Aim of the exercise:
Below are records with pictures; copy word for word only the lines between the line with "八神 麟音さんの総格は50画の2点!" and the line with "中邮理财种小鸿花抽随机微信红包、京东卡 亲测中0.43元", inclusive, and drop the pictures.

Records shown:
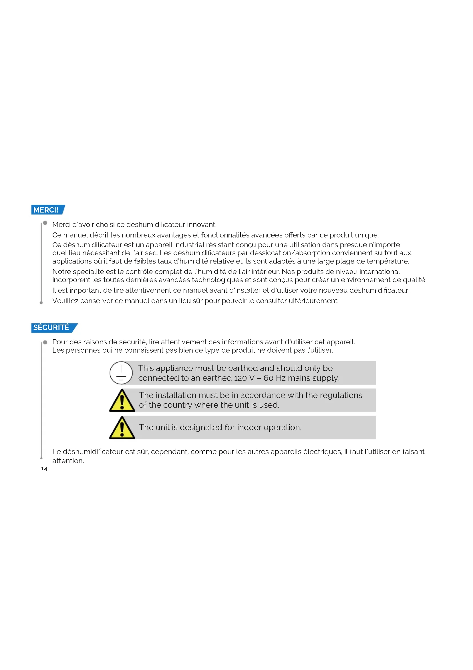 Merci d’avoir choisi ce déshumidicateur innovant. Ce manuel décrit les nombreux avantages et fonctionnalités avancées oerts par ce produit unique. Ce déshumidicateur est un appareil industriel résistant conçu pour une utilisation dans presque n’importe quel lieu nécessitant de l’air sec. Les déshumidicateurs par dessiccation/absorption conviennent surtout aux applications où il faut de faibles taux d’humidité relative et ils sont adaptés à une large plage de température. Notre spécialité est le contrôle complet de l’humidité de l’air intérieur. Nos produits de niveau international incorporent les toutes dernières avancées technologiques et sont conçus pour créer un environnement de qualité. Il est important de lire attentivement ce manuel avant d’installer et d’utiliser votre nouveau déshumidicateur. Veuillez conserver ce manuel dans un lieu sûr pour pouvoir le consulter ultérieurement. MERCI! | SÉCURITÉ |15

...

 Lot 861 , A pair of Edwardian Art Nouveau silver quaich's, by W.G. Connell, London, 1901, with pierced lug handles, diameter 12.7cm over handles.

* * *

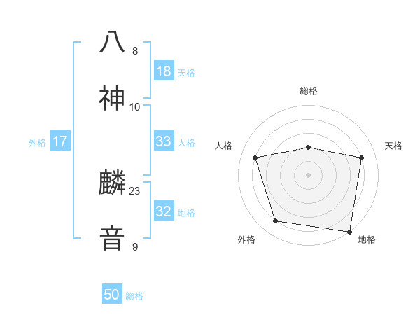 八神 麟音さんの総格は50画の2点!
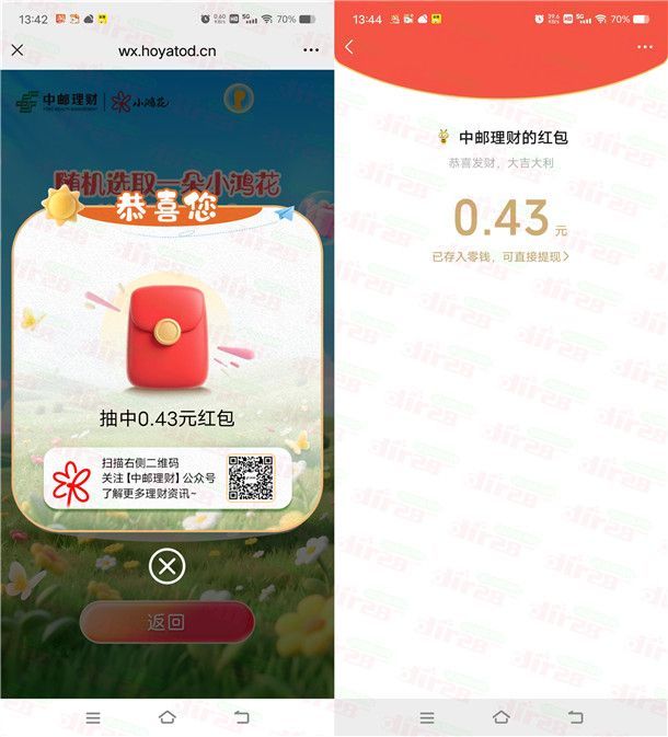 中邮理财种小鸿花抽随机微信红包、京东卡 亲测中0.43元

Task answer:
 八神 麟音さんの総格は50画の2点!
 中邮理财种小鸿花抽随机微信红包、京东卡 亲测中0.43元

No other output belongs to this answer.